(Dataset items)
━━━━━━━━━━━━━━━━━━━━

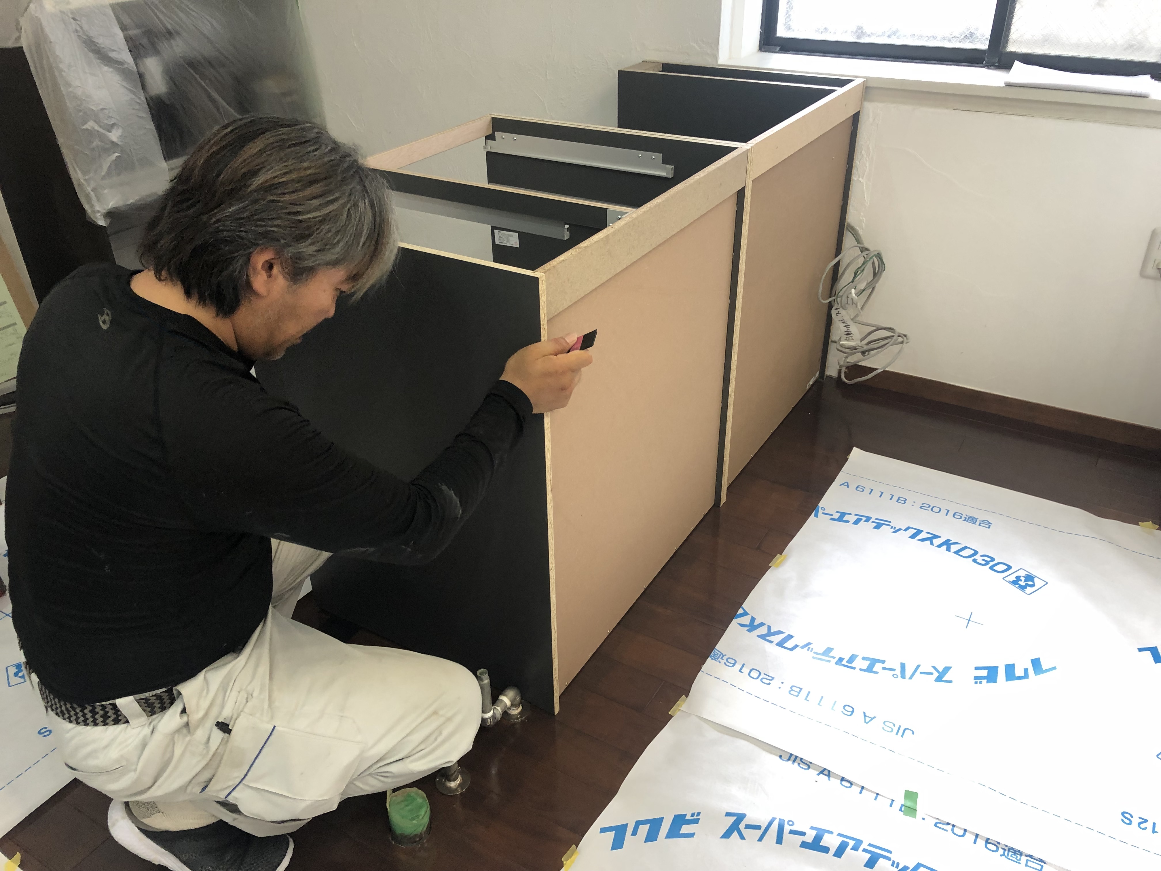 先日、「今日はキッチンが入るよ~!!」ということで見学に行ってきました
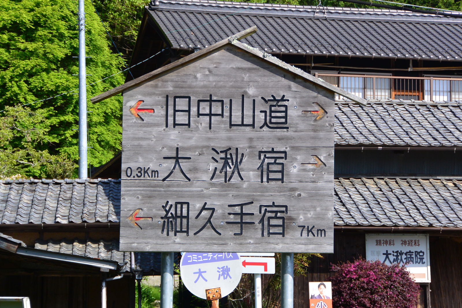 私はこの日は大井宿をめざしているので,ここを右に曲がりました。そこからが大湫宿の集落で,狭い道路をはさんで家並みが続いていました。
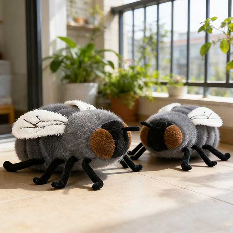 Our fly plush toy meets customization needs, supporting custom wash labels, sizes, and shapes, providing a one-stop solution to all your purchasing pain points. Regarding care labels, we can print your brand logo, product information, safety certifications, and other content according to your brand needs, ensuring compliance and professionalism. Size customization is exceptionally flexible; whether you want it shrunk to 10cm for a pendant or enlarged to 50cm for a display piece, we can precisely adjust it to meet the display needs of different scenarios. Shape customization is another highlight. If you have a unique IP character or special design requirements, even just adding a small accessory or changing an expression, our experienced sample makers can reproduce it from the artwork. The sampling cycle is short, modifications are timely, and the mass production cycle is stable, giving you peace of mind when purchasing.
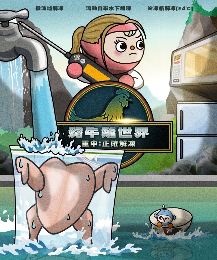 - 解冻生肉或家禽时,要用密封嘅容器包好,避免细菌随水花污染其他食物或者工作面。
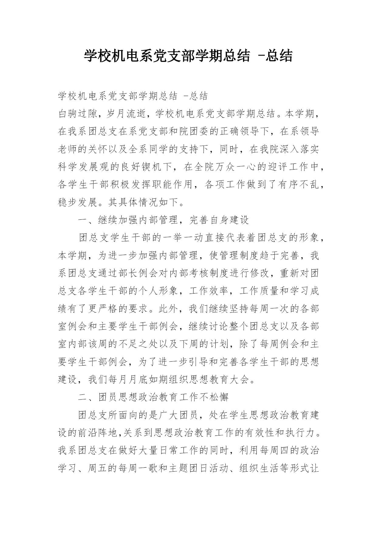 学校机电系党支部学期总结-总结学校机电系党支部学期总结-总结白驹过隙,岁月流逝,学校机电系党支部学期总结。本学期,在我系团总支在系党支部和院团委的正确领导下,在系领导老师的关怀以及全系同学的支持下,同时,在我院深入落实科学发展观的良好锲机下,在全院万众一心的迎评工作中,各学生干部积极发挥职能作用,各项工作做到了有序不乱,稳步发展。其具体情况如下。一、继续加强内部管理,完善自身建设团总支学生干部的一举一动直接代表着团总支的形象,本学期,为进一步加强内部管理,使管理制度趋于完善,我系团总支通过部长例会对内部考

━━━━━━━━━━━━━━━━━━━━

→ **What you are asked to do**
Copy exactly the lines that run from the line containing "- 解冻生肉或家禽时,要用密" to the end of the data, keeping both end lines and dropping every picture.

→ **Answer to the problem**
 - 解冻生肉或家禽时,要用密封嘅容器包好,避免细菌随水花污染其他食物或者工作面。
 学校机电系党支部学期总结-总结学校机电系党支部学期总结-总结白驹过隙,岁月流逝,学校机电系党支部学期总结。本学期,在我系团总支在系党支部和院团委的正确领导下,在系领导老师的关怀以及全系同学的支持下,同时,在我院深入落实科学发展观的良好锲机下,在全院万众一心的迎评工作中,各学生干部积极发挥职能作用,各项工作做到了有序不乱,稳步发展。其具体情况如下。一、继续加强内部管理,完善自身建设团总支学生干部的一举一动直接代表着团总支的形象,本学期,为进一步加强内部管理,使管理制度趋于完善,我系团总支通过部长例会对内部考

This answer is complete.